_EXERCISE DATA_.
☆ ☆ ☆ ☆ ☆

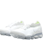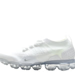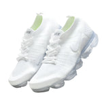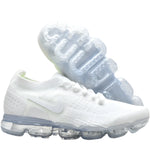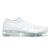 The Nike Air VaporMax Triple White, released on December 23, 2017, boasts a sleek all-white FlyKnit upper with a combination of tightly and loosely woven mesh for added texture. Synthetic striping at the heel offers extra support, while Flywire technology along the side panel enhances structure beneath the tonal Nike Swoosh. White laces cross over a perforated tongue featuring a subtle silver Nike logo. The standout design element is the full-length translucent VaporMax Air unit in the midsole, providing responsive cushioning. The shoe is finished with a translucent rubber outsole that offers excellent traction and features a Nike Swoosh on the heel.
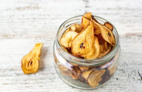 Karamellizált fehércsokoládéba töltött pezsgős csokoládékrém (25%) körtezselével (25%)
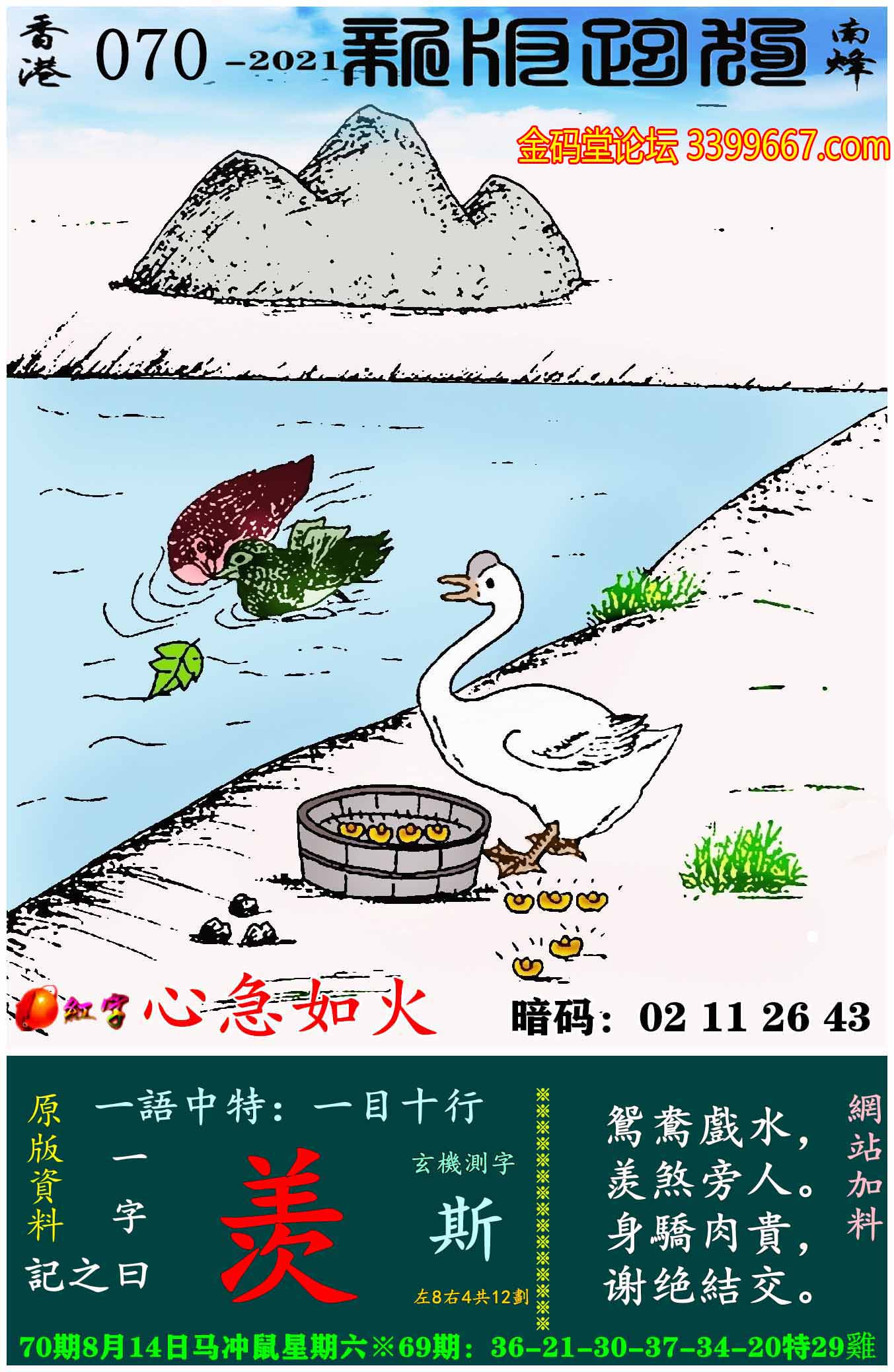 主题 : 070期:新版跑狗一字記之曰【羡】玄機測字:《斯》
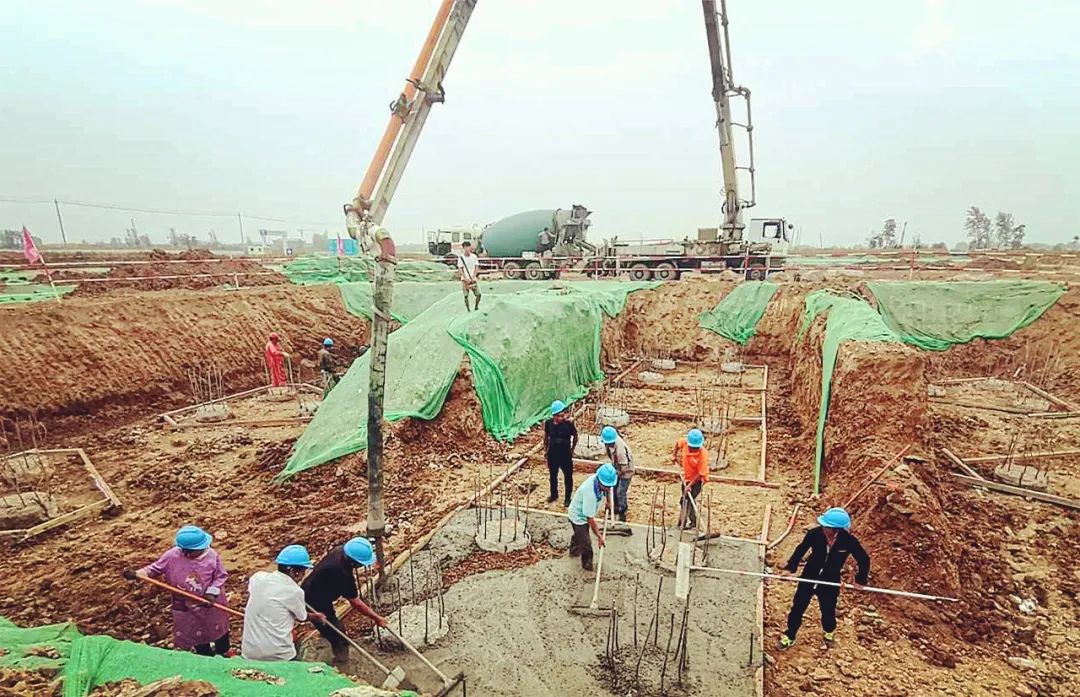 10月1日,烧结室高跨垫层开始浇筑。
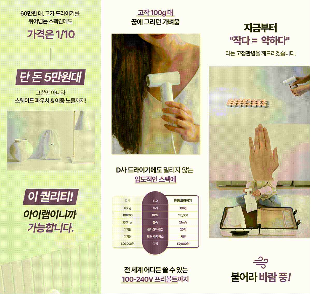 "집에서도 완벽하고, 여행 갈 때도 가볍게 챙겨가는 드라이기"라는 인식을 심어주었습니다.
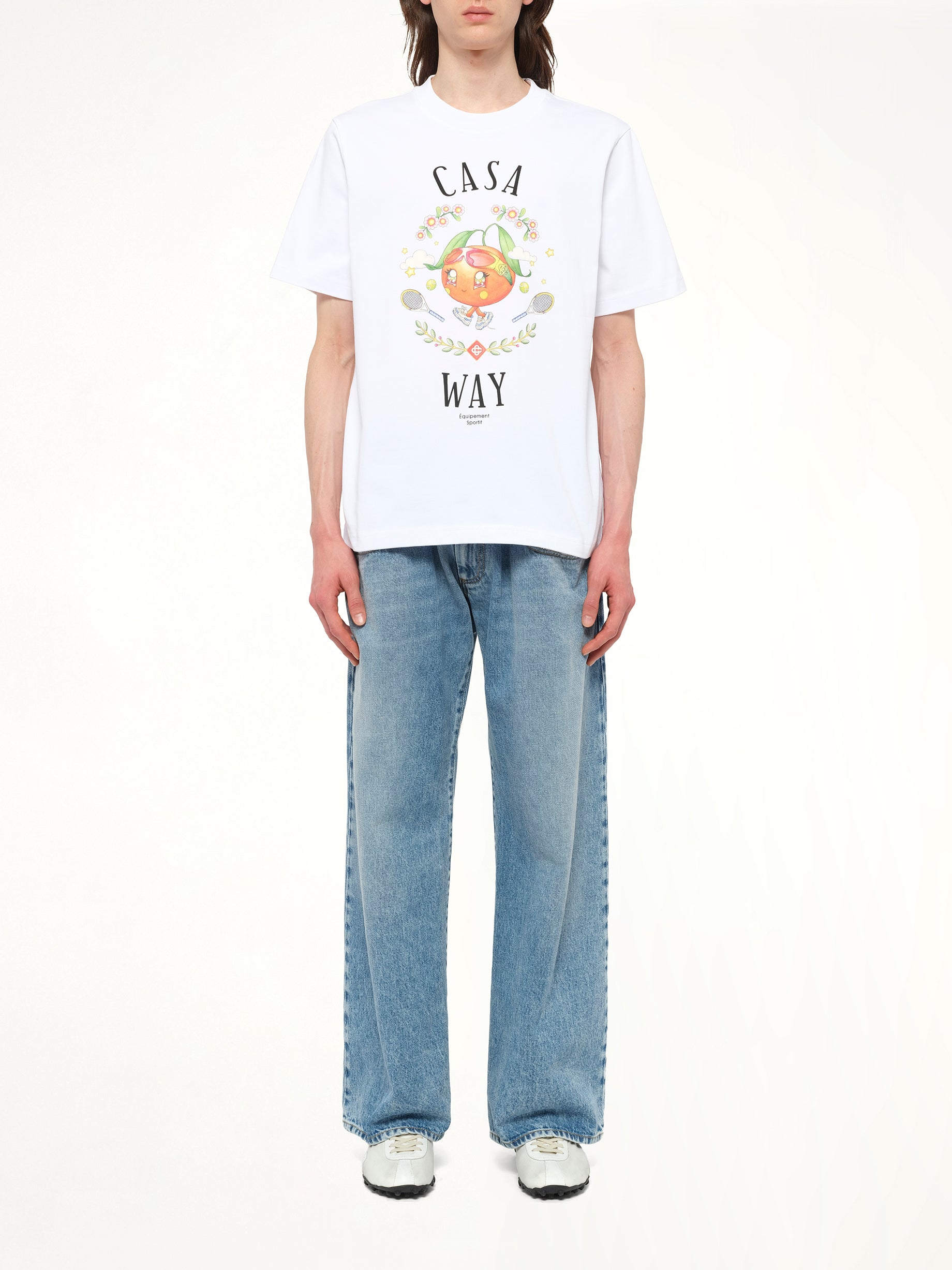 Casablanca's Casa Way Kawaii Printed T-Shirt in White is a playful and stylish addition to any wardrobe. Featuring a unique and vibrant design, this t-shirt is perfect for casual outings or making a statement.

☆ ☆ ☆ ☆ ☆

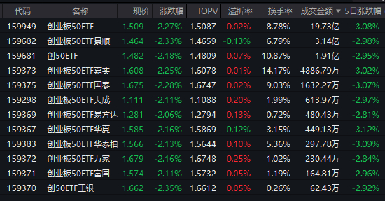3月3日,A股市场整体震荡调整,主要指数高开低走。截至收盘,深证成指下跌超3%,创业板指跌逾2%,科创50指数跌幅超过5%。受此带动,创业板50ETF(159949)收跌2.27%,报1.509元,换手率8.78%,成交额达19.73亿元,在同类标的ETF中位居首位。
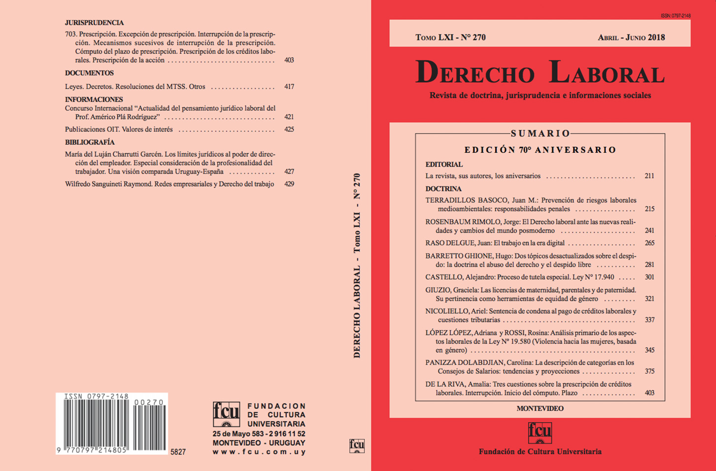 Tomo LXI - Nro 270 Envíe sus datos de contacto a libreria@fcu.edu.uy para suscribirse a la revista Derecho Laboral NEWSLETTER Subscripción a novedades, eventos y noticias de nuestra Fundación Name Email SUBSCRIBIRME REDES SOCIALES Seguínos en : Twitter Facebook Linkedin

☆ ☆ ☆ ☆ ☆

_TASK INSTRUCTIONS_. The answer is those lines of the material above that run from the one containing "때도 가볍게 챙겨가는" up to and including the one containing "Casablanca's Casa Way", restated exactly and without images.

_ANSWER BOX_.
 "집에서도 완벽하고, 여행 갈 때도 가볍게 챙겨가는 드라이기"라는 인식을 심어주었습니다.
 Casablanca's Casa Way Kawaii Printed T-Shirt in White is a playful and stylish addition to any wardrobe. Featuring a unique and vibrant design, this t-shirt is perfect for casual outings or making a statement.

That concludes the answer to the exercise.